(Entries shown)

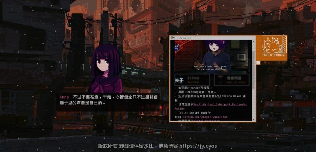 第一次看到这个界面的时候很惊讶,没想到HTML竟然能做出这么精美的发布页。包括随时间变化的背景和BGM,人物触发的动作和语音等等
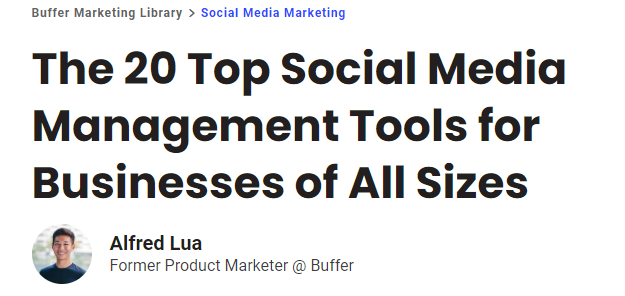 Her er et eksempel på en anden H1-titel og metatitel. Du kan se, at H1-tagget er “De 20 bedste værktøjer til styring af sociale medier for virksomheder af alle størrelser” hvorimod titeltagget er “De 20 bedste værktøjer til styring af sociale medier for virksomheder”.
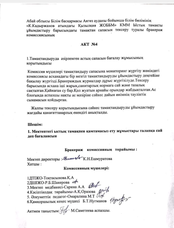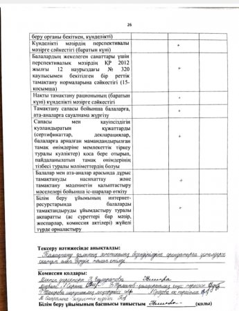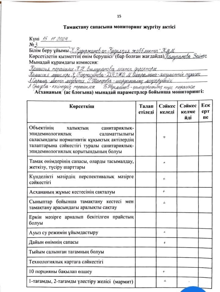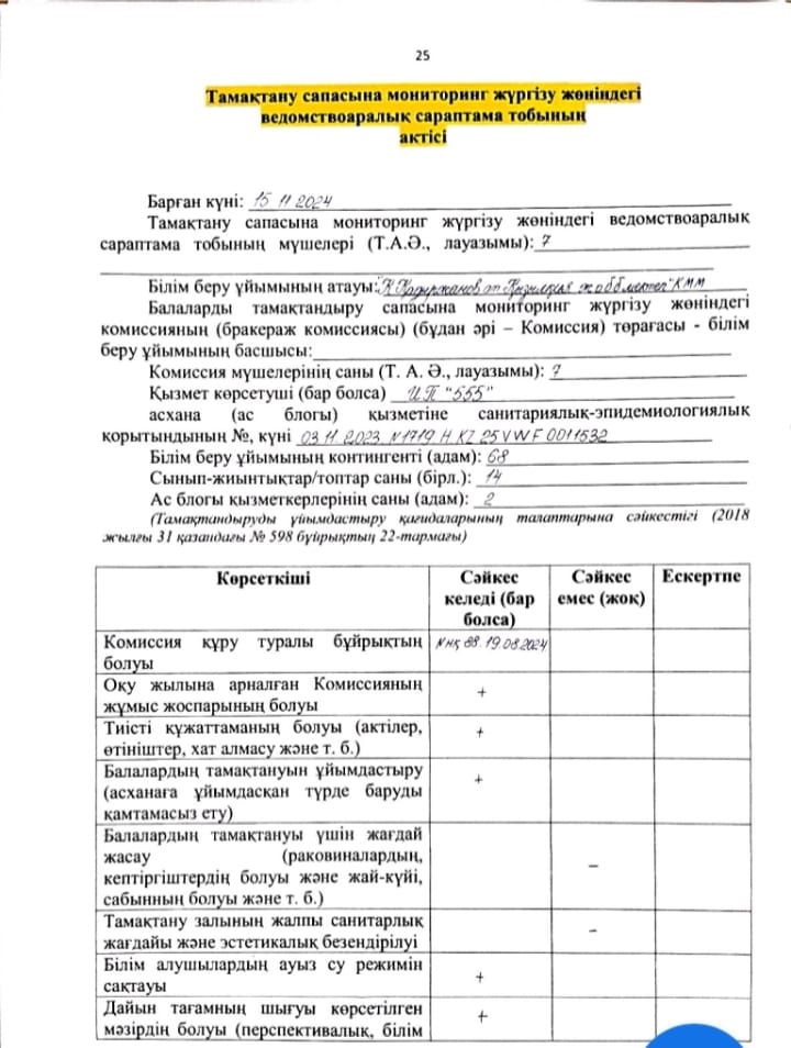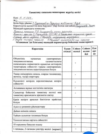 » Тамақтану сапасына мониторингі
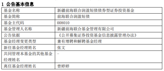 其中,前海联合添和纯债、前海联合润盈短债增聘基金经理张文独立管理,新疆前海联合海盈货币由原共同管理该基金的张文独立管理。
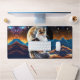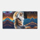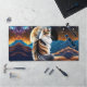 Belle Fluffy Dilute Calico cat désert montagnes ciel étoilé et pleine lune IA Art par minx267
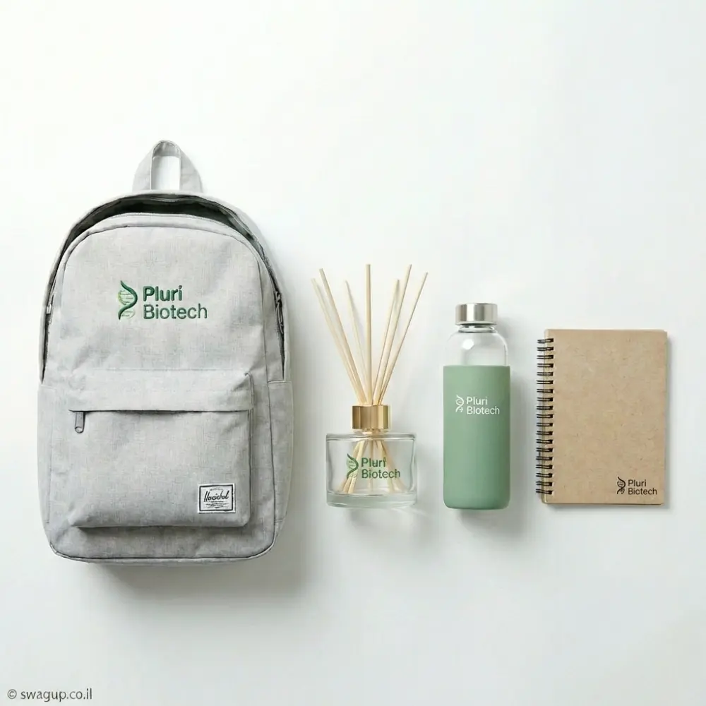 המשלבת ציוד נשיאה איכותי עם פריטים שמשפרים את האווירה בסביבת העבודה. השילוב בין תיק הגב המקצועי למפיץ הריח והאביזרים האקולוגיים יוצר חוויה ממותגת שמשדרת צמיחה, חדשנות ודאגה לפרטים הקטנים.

(End Entries shown)

■ Problem requirements
Drop the images and copy all the data exactly.

■ Answer section
 第一次看到这个界面的时候很惊讶,没想到HTML竟然能做出这么精美的发布页。包括随时间变化的背景和BGM,人物触发的动作和语音等等
 Her er et eksempel på en anden H1-titel og metatitel. Du kan se, at H1-tagget er “De 20 bedste værktøjer til styring af sociale medier for virksomheder af alle størrelser” hvorimod titeltagget er “De 20 bedste værktøjer til styring af sociale medier for virksomheder”.
 » Тамақтану сапасына мониторингі
 其中,前海联合添和纯债、前海联合润盈短债增聘基金经理张文独立管理,新疆前海联合海盈货币由原共同管理该基金的张文独立管理。
 Belle Fluffy Dilute Calico cat désert montagnes ciel étoilé et pleine lune IA Art par minx267
 המשלבת ציוד נשיאה איכותי עם פריטים שמשפרים את האווירה בסביבת העבודה. השילוב בין תיק הגב המקצועי למפיץ הריח והאביזרים האקולוגיים יוצר חוויה ממותגת שמשדרת צמיחה, חדשנות ודאגה לפרטים הקטנים.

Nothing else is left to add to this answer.